Some steps will require uploading a folder to all servers. The following is a wrapper which transforms the folder into an archive and uploads the archive to all servers. Note that it will not auto-extract the archive, and relies on the caller to do so afterwards.

In [None]:
"""
Utility method which creates an of the specified folder and uploads it to
all servers using the same name as the folder.
"""
def upload_archive(user_name, host_names, source_folder_name):
    archive_name = os.path.basename(source_folder_name) + '.tar.gz'
    subprocess.call(['tar', '-acf', archive_name, source_folder_name])
    upload_file(user_name, host_names, archive_name)
    os.remove(archive_name)

### Install AWS CLI Remotely

In order to access our S3 buckets, we'll need to install AWS CLI. The downside is the AWS CLI that is available from the Ubuntu repositories is out of date. Therefore, we'll need to install it using Miniconda.
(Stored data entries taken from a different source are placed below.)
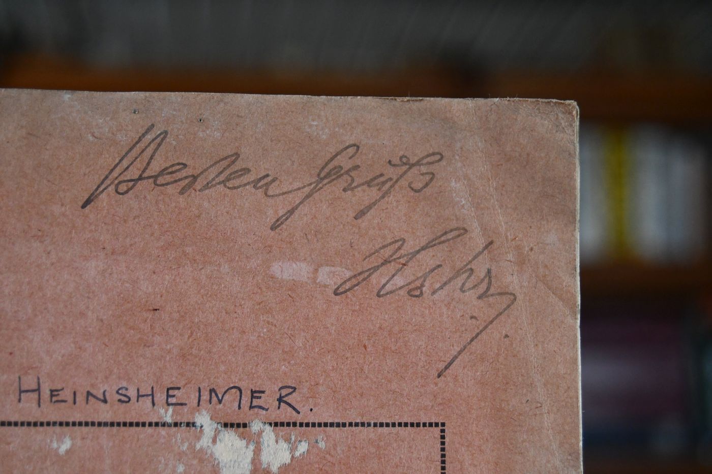 Beschreibung Einband berieben, bestoßen, angeschmutzt und fleckig. Durchgehend wellig und mit Randeinrissen. Durchgehend Spuren von Feuchtigkeitseinwirkung. Mit handschriftlicher Widmung von Karl Heinsheimer auf dem Vorderdeckel.
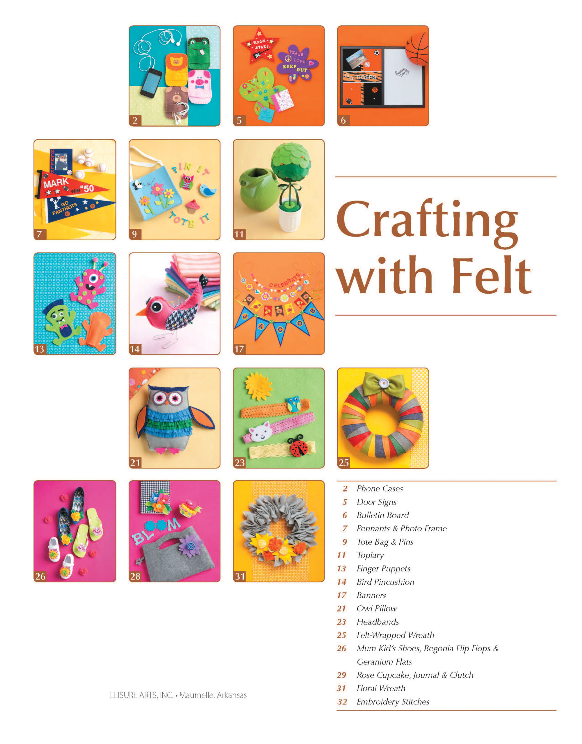 Crafting With Felt- Color your world with fun, easy felt. Jazz up your home and fashions, make kid-pleasing toys and gifts, and adorn sweet baby accessories. You could even get the kids involved in any of these 31 colorful creations. Designs include: flowers, finger puppets, phone cases, door hangings, and more. 32 pages, soft cover.
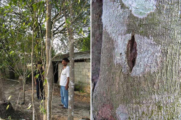 ต้นกฤษณา และรอยแผลที่อยู่ตามลำต้นเป็นส่วนที่จะตัดไปสกัด

Additionally, we'll assume there's an `s3_bucket.json` which tells us which region we should use as well as our default bucket.

In [None]:
%%writefile scripts/install_awscli.sh
#!/bin/bash

if [ "" != "$(uname -a | grep Ubuntu)" ]; then
    # Add mirror to avoid slow downloads

    APT_MIRROR="mirror://mirrors.ubuntu.com/mirrors.txt"
    APT_REPOSITORIES="main restricted universe multiverse"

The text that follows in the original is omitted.